Aluminum-Based Heterogeneous Surface for Efficient Solar Desalination and Fog Harvesting Processed by a Picosecond Laser.

Solar desalination and fog harvesting are two common ways to obtain fresh water, and both are promising methods to solve the water shortage problem. However, through either the fabrication of interfacial evaporators for solar desalination or the preparation of superwetting surfaces for fog harvesting, current methods suffer from long preparation times, high costs, and low efficiency. Herein, we report an efficient and simple method to process heterogeneous surfaces (HSs) on aluminum (Al) by picosecond laser processing combined with chemical treatment used for fog harvesting and seawater desalination. The as-prepared HS simultaneously consists of regular periodic stripe structures with superhydrophilicity and superhydrophobicity. The spacing of the superhydrophilic and superhydrophobic regions can be adjusted through the processing path.
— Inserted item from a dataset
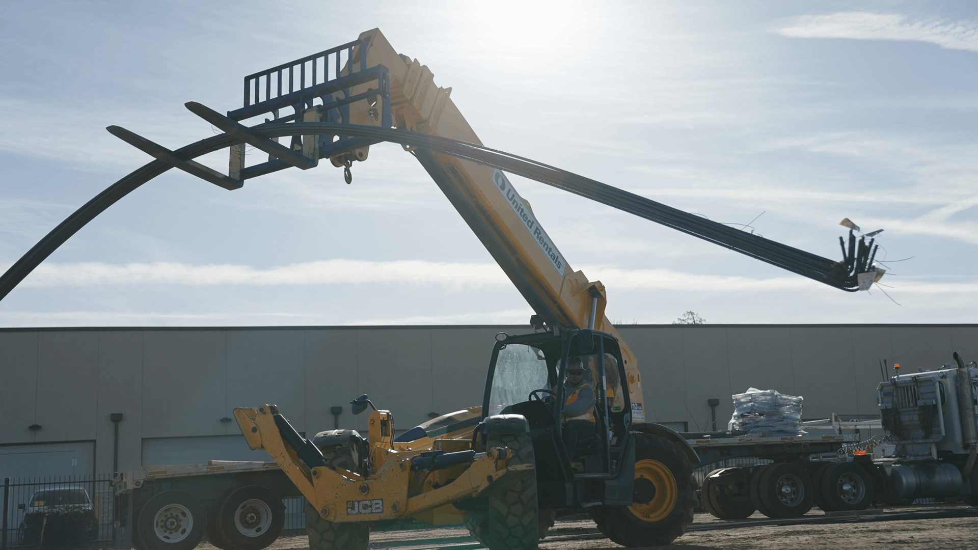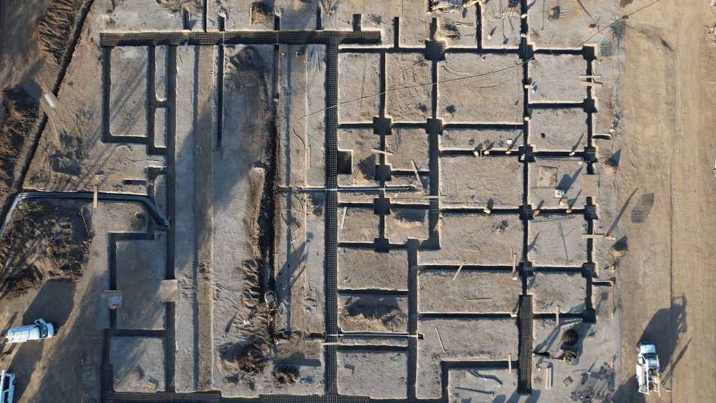 We first had to create trenches for isolated footings, continuous footings, and grade beams. The team hauled away the excavation spoils after the trenching was completed. For the footings, we had to form and set reinforced steel, then pour and finish each concrete footing as detailed on plans. We had to sub rebar for CMU in footings for 36″ for CMU to tie to.

This surface has a 44% improvement in fog harvesting efficiency compared to a pristine Al sheet, which is 0.53 kg·m-2·h-1. Furthermore, it shows a high evaporation rate of 2.35 kg·m-2·h-1 under one sun irradiation with an energy efficiency of 52.39%. Such functional surfaces can be applied to obtain fresh water resources in both coastal regions and arid areas, where water mist is relatively abundant, providing reference and guidance for fresh water collection, and being a promising way to solve the water shortage problem.